* _EXERCISE_
Return the data word for word. Pictures are to be omitted.

* _SOURCE DATA_
────────────────
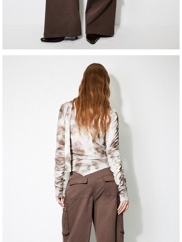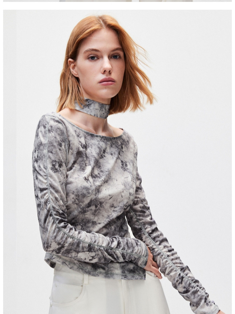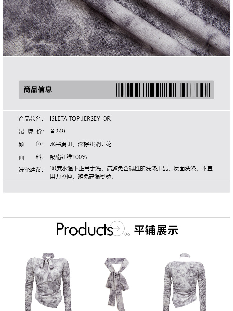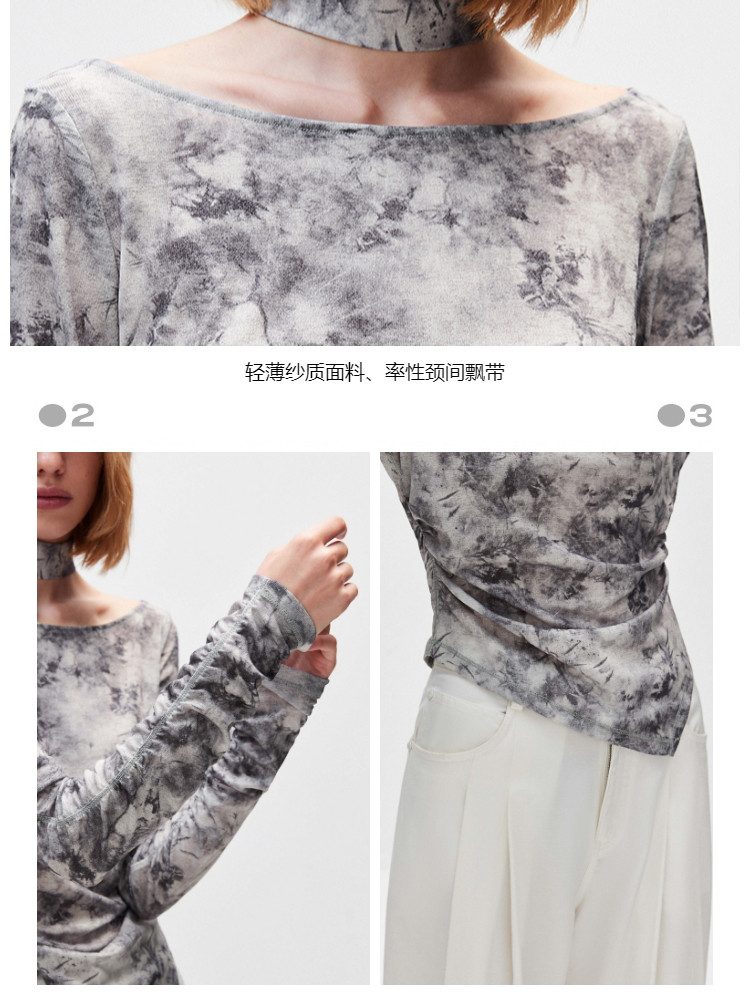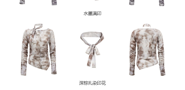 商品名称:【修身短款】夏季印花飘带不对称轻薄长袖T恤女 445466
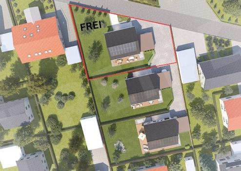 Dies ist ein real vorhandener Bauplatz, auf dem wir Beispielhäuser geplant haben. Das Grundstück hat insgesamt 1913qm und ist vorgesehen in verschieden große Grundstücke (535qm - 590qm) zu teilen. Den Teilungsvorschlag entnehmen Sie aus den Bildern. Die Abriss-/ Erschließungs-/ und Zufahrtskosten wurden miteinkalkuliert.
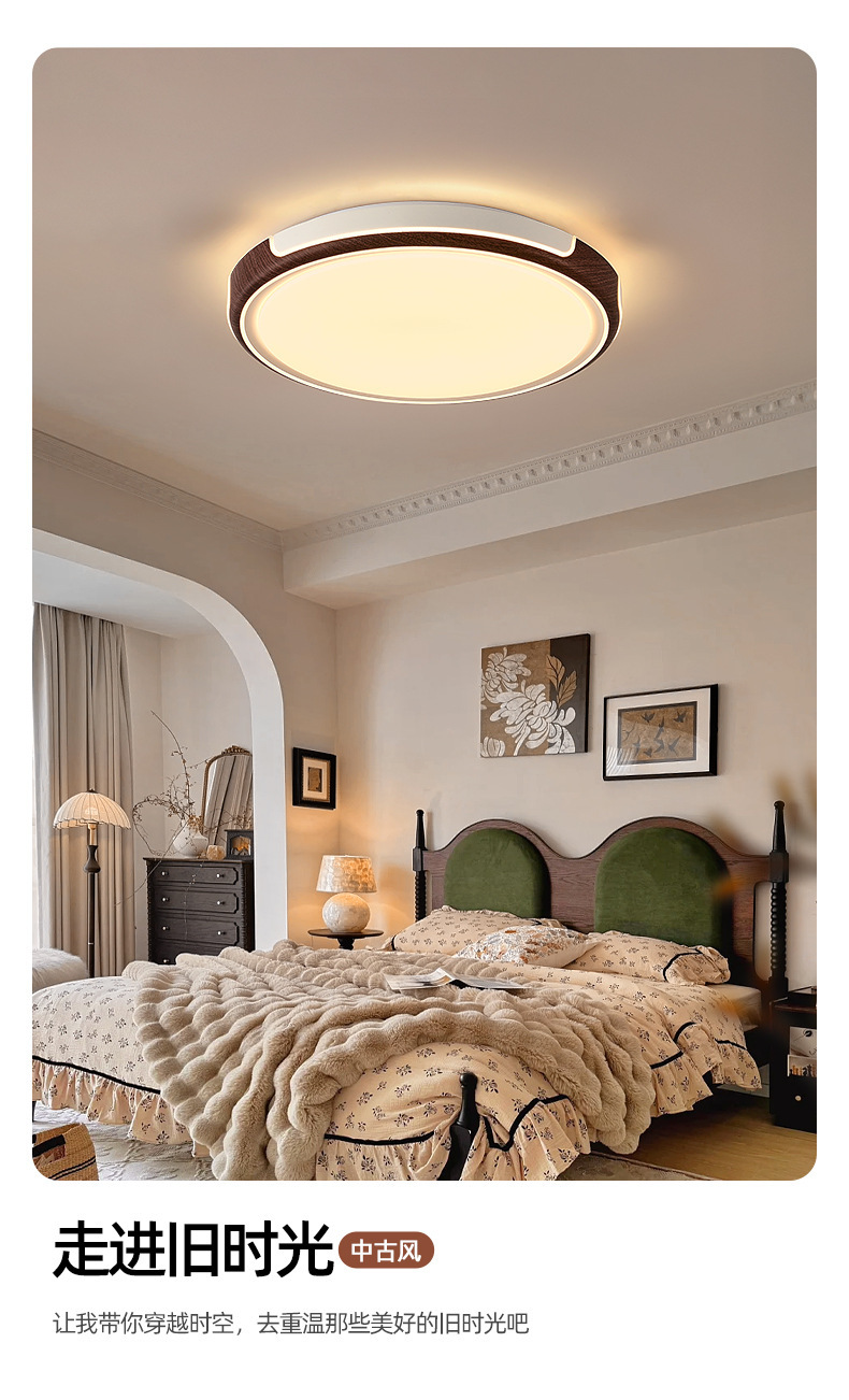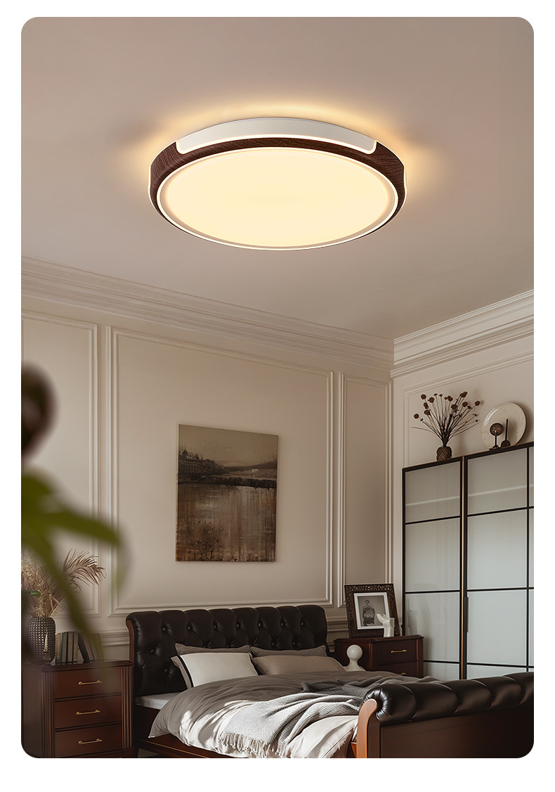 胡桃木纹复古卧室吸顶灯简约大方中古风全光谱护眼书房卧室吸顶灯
────────────────
* _RESULT_
 商品名称:【修身短款】夏季印花飘带不对称轻薄长袖T恤女 445466
 Dies ist ein real vorhandener Bauplatz, auf dem wir Beispielhäuser geplant haben. Das Grundstück hat insgesamt 1913qm und ist vorgesehen in verschieden große Grundstücke (535qm - 590qm) zu teilen. Den Teilungsvorschlag entnehmen Sie aus den Bildern. Die Abriss-/ Erschließungs-/ und Zufahrtskosten wurden miteinkalkuliert.
 胡桃木纹复古卧室吸顶灯简约大方中古风全光谱护眼书房卧室吸顶灯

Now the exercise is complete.